The overall goal of this study was to investigate the feasibility and advantages of combining 131I-MIBG with 90Y-DOTATOC to treat NETs compared to treatment with 90Y-DOTATOC alone through the use of pre-therapy biodistribution and dosimetry results. The importance of this type of approach using the theranostics concept to manage patients with NETs has been recently emphasized [23].

The specific goals were (1) to determine in what fraction of patients with midgut NETs a substantial amount of 131I-MIBG could be safely added to 90Y-DOTATOC without exceeding normal organ dose limits, (2) to determine whether tumor radiation dose levels could be increased by more than 30% through addition of 131I-MIBG to 90Y-DOTATOC, and (3) to determine if additional tumor sites would be targeted through the addition of 131I-MIBG.

Methods

This was a prospective study of patients with metastatic or otherwise non-operable neuroendocrine tumors of midgut origin. All patients were required to have a serum creatinine level of less than 2.0 mg/dl and were excluded if they had undergone prior PRRT.

All subjects underwent imaging (and blood sampling) with tracer amounts of 131I-MIBG and 111In-pentetreotide for purposes of determining individualized radiation dose levels per unit of administered activity to the kidneys, marrow, and select tumor sites. Patients were not allowed to use their short-acting Sandostatin (Sandoz GmbH, Schaftenau, Austria) beginning 12 h prior to day 1 of the study until completion of imaging and were required to be at least 21 days out from their last Sandostatin LAR injection (Sandoz GmbH). Subjects did not receive cationic amino acid infusions. Rather, we built into our model a 20% reduction in renal radiation dose from 90Y-DOTATOC reflecting what is known to occur with the use of a cationic amino acid infusion during an actual 90Y-DOTATOC treatment [24].

Each subject underwent multiple imaging sessions over a 3-day period following radiopharmaceutical administration as outlined in Table 1. Each subject received 0.5 mCi (first two subjects enrolled) or 1.0 mCi of 131I-MIBG plus 5 to 6 mCi of 111In-pentetreotide intravenously within a few minutes of each other. All scintigraphic imaging studies were acquired as multi-isotope studies with a 20% window on the 364-keV photopeak of 131I and the 247- and 172-keV photopeaks of 111In. High energy collimation, appropriate for 131I, was used for all simultaneous imaging studies. Anterior and posterior planar whole-body images along with single photon emission computed tomography (SPECT) studies of the chest/abdomen/pelvis were obtained at (nominally) 4, 24, and 48 h after injection. Beyond 48 h, clearance data for blood, kidneys, and selected tumors was based on extrapolation of the curve from the 24- and 48-h time points. Standard sources of 131I and 111In with an activity of 1 to 2 mBq were placed within the field of view at each image acquisition session.
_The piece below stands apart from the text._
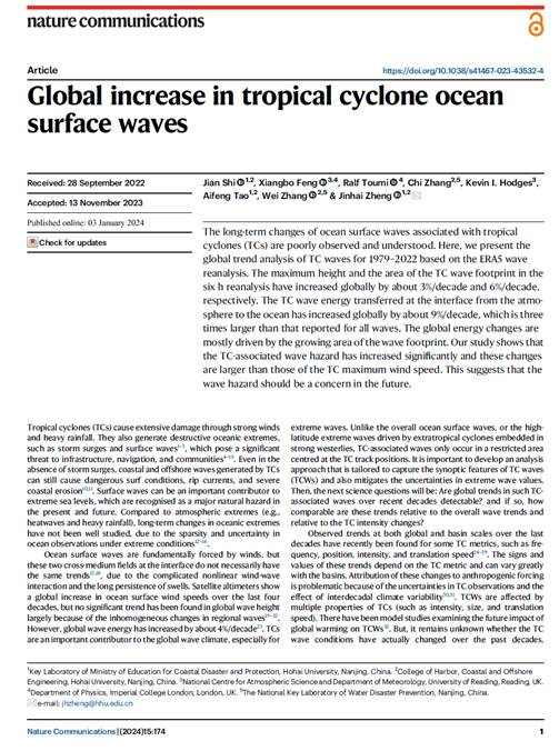 SEX8 时健副教授、郑金海教授、张弛教授、陶爱峰教授、张蔚教授和雷丁大学冯向波高级研究员、Kevin I. Hodges教授以及帝国理工大学Ralf Toumi教授合作完成的研究论文“Global increase in tropical cyclone ocean surface waves”发表在国际学术期刊《Nature Communications》上(//www.nature.com/articles/ s41467-023-43532-4),研究工作得到国家重点研发计划重大自然灾害防控与公共安全海洋专项(2023YFC3007900)的支持。

Contrast enhanced computed tomography (CT) images of the chest, abdomen, and pelvis were obtained if the subject had not had a recent diagnostic CT exam (within 6 months).
Table 1

Imaging/biodistribution data collection schedule

 

Day 0

Day 1

Day 2

Radiopharmaceutical injection (131I-MIBG and 111In-pentetreotide)

X

  

Blood samples

X (1 and 4 h)

X

X

Whole-body conjugate views

X

X

X

SPECT

X

X

X

Corrections for down-scatter were performed for the image data as well as the blood samples assayed on the well counter. For the well counter measurements, the down-scatter fraction of counts from the 131I 364-keV gamma rays into the 111In energy windows was determined to be 0.25. An additional up-scatter component correction (0.67) had to be made because of the strong coincidence sum peak associated with the In-111 172- and 254-keV cascade. For the image data, the down-scatter fraction was approximately 0.15. Because of the high ratio of administered activity of 111In-pentetreotide to 131I-MIBG and the much higher detection efficiency for the 111In gamma rays, down-scatter corrections were essentially negligible.
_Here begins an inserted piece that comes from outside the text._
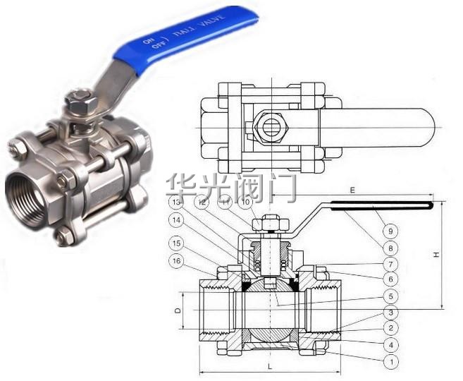 Q11F-16-64P不鏽鋼三片式絲口球閥主要零件材料:

The patient-specific kinetic and biodistribution results from the concurrent tracer studies with 131I-MIBG and 111In-pentetreotide were then used to calculate values for radiation dose per total administered activity (mGy/MBq) for marrow, kidneys, and selected tumors for both 131I-MIBG and 90Y-DOTATOC. Dosimetry calculations were based on the conjugate view methodology for kidneys and tumor sites applying patient-specific renal mass as measured by CT for each individual. CT was also used to determine tumor volume/mass. A representative soft tissue metastasis with well-defined borders of at least 2 cm in diameter on CT was selected from each subject for dosimetry calculations when there was visible tumor uptake with both131I-MIBG and 111In-pentetreotide. Bone marrow dose calculations were based on clearance and activity measures from the blood samples. We assumed a 1:1 ratio of activity in the blood relative to the bone marrow for each radiopharmaceutical. The tumor, blood, and kidney doses were estimated using first principle methods originally described by Quimby and incorporated into the MIRD/OLINDA formulations [25]. The total integrated activity was multiplied by the average emitted energy modified by the appropriate absorption factors divided by the tissue mass. For dose estimates with 90Y and the beta component of 131I, the absorbed fraction was assumed to be 1 for activity located within the tissue under consideration and 0 from all external sources.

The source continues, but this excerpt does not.